Neural foundation of the diathesis-stress model: longitudinal gray matter volume changes in response to stressful life events in major depressive disorder and healthy controls

Stressful life events (SLEs) are a strong predictor of onset and recurrence of major depressive disorder (MDD) and are conceptualized within the diathesis-stress model, which posits that vulnerabilities (e.g., genetic predispositions or childhood maltreatment, CM) interact with adult stress to precipitate depression. Prior work shows not all individuals exposed to SLEs develop MDD, implying individual neurobiological differences in stress responses. Cross-sectional MRI studies link recent SLEs with gray matter volume (GMV) alterations in regions including insula, anterior cingulate, and medial prefrontal/orbitofrontal cortices, with differing patterns in MDD vs healthy controls (HCs). CM is a robust early environmental risk factor and has been associated with reduced GMV in multiple regions. However, longitudinal evidence is scarce, leaving unclear whether observed GMV patterns are consequences of stress or predictors of future SLEs. Two prior longitudinal studies in HCs report GMV reductions with recent SLEs in anterior cingulate, hippocampus, parahippocampal, and medial prefrontal regions. This study investigates, for the first time, longitudinal relationships between SLEs and GMV changes over two years in a large sample of MDD patients and HCs to ground the diathesis-stress model neurobiologically. Hypotheses: (1) HCs would show greater GMV reductions in response to SLEs than MDD patients across the interval; (2) CM would moderate SLE–GMV associations in MDD but not HCs. Exploratory aims included evaluating effects in MDD patients with greater severity or at least one depressive episode during follow-up and testing baseline high-sensitivity C-reactive protein (hsCRP) as a potential moderator given its links to stress, depression, and GMV changes.

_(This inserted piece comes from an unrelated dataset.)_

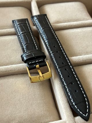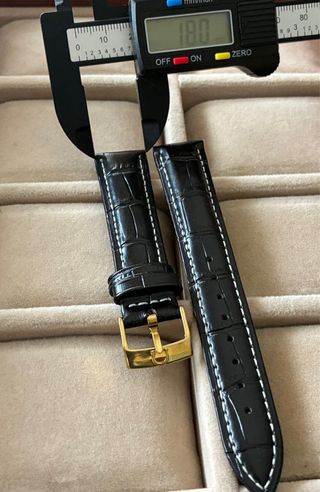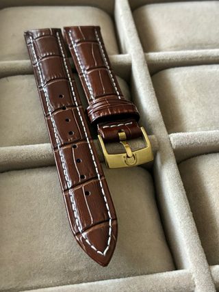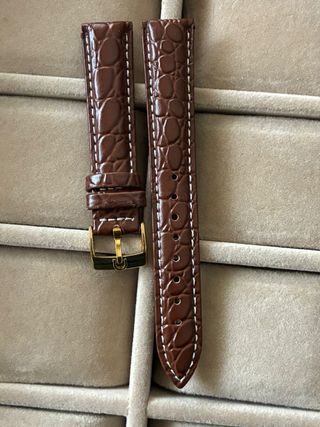 Correa de reloj de 18mm. - Material: Piel de becerro con patrón de cocodrilo. - Costuras blancas. - Hebilla de acero en oro Entrego o envío con 3 pasadores

Cross-sectional MRI studies in healthy adults have associated recent SLEs with GMV alterations in insula, anterior cingulate, and medial prefrontal/orbitofrontal cortices. In MDD, patterns differ, including fewer orbitofrontal GMV alterations than HCs. Independently, CM has been linked to smaller GMV in dorsolateral prefrontal cortex (DLPFC), anterior cingulate, supplementary motor area, postcentral gyrus, amygdala, and hippocampus in both HCs and MDD. Prior cross-sectional work suggested that CM might moderate SLE–GMV relationships in MDD but not in HCs, hinting at a neural substrate for the diathesis-stress model. Longitudinal evidence remains limited: two studies in HCs reported GMV reductions associated with recent SLEs (anterior cingulate, hippocampus, parahippocampal gyrus, medial prefrontal gyrus). The adaptive vs maladaptive nature of such reductions is unresolved, and longitudinal comparisons including MDD cohorts were lacking prior to this study.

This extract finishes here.